Lastly, I actually have a belly pic this week! Bonus- you get to see my new haircut. However, it should be noted that I take these pictures right before we go to sleep each Sunday. Not exactly my prime time for photos, but it's the only time it gets done. We decided to go with taking the pictures in the same outfit each week to really see the different (eventually, lol)

Sunday, November 6, 2011

Starting to Brainstorm

Christmas is next month which means that it's time to really start narrowing down our ideas for Christmas cards. I love everything about Christmas, and making/sending/receiving cards is no exception. There's something special about having real mail all month long! I think we've narrowed down our ideas to what type of pictures we want to take and have on our card, but we're still deciding between whimsy and vintage. We'll probably make the final decision after we take the pictures and can play around with the Christmas cards (We use Shutterfly; always have and always will). I know that we can trust them to deliver good quality and timely shipping since, let's face it, we're always a bit behind in actually getting the ball rolling on these. This year, especially, since we're hoping to wait to find out the gender of little babe before ordering. We just ordered Jeffrey's birthday cards from there and were extremely happy with them, and all of his photo books are from there, as well. Well, the ones that I've actually finished, at least.
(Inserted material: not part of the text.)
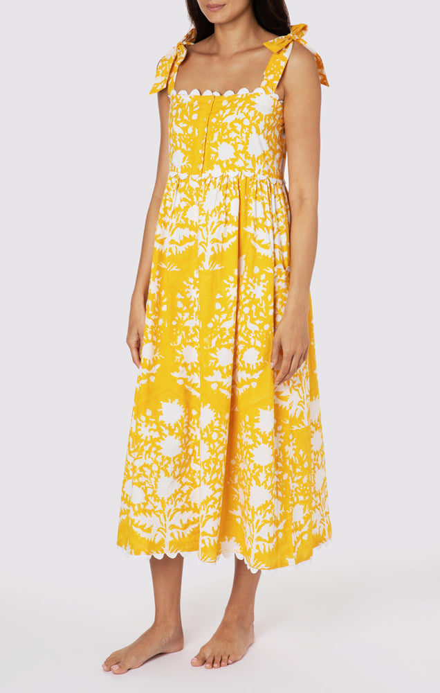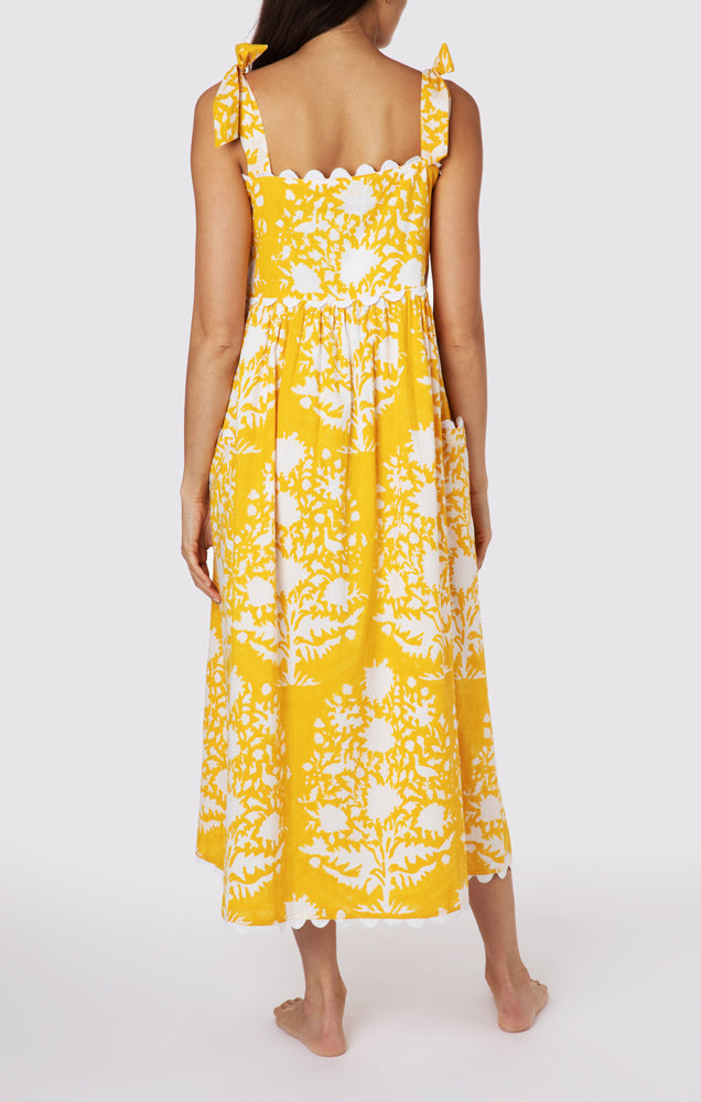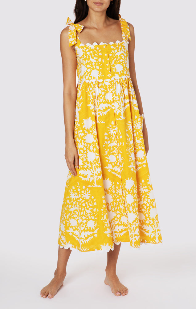 A bestselling shape in a vibrant new colour. Pretty tie shoulder straps allow for easy adjustment and the button through opening means you can wear how you want. This vivid yellow tone is overlaid onto white cotton, creating a stunning contrast. A giant ric rac edging adds a scalloped effect to the neck and hem. The longer length makes this dress ideal for staying cool on days in warm climates.

I'm super excited to actually start acting on our ideas and see our card come to reality! AH! I know it's only early November, but I just can't help but get excited about Christmastime. I love it :)

Saturday, November 5, 2011

A Big Check

Yesterday, we signed and handed off the final payment for the little baby's arrival into the world! All we have left to do is wait 27ish weeks of pregnancy now ;) It feels quite strange to have it paid so early, especially since we didn't pay for Jeffrey until afterwards. I'm loving it, though. It was so stressful to have hospital bills come pouring in during Christmastime. Bah humbug on that. Plus, we're paying substantially less this time. Majorly. Even more if we get reimbursed at all, which we're not counting on. Would be pretty amazing, though! I loved having a set amount that I knew in total beforehand, so we were able to completely budget it into our holiday spending. Now, it's done! We'll still have to pay for our ultrasound when we have that done, but we did for Jeffrey, as well.

As a reward, the little baby let our midwife find the heartbeat immediately at a beautiful 156 bpm! So, now I'm feeling better, know the little baby is healthy and thriving and can just enjoy the pregnancy until little one decides to slide on out. Love it.

Tuesday, November 1, 2011

Such a Happy Halloween!

Jeffrey is such a blast now, so I was really looking forward to all of the Holiday experiences this year. Halloween did not disappoint. He jumped right into the thick of it and loved Trick-or-Treating. He did so great at walking up to each house (even past scary decorations, except one big inflatable cat...I had to pick him up at that one, lol), holding out his bag, saying "tick teet" and then "thank you!" Then he's skip down the sidewalk to do it again! Most of the houses on my parent's street participated, so he'd get all upset and confused on why we were skipping a sidewalk. He'd start going up it, look back at us and say "come on!" So adorable. My niece was there, as well, which he loved. I had a huge smile on my face the entire night. Then, he put on his Halloween pajamas that have a ghost on them and started jumping around yelling BOO. It's all just too much. I cannot wait for what the rest of the holidays have in store for us!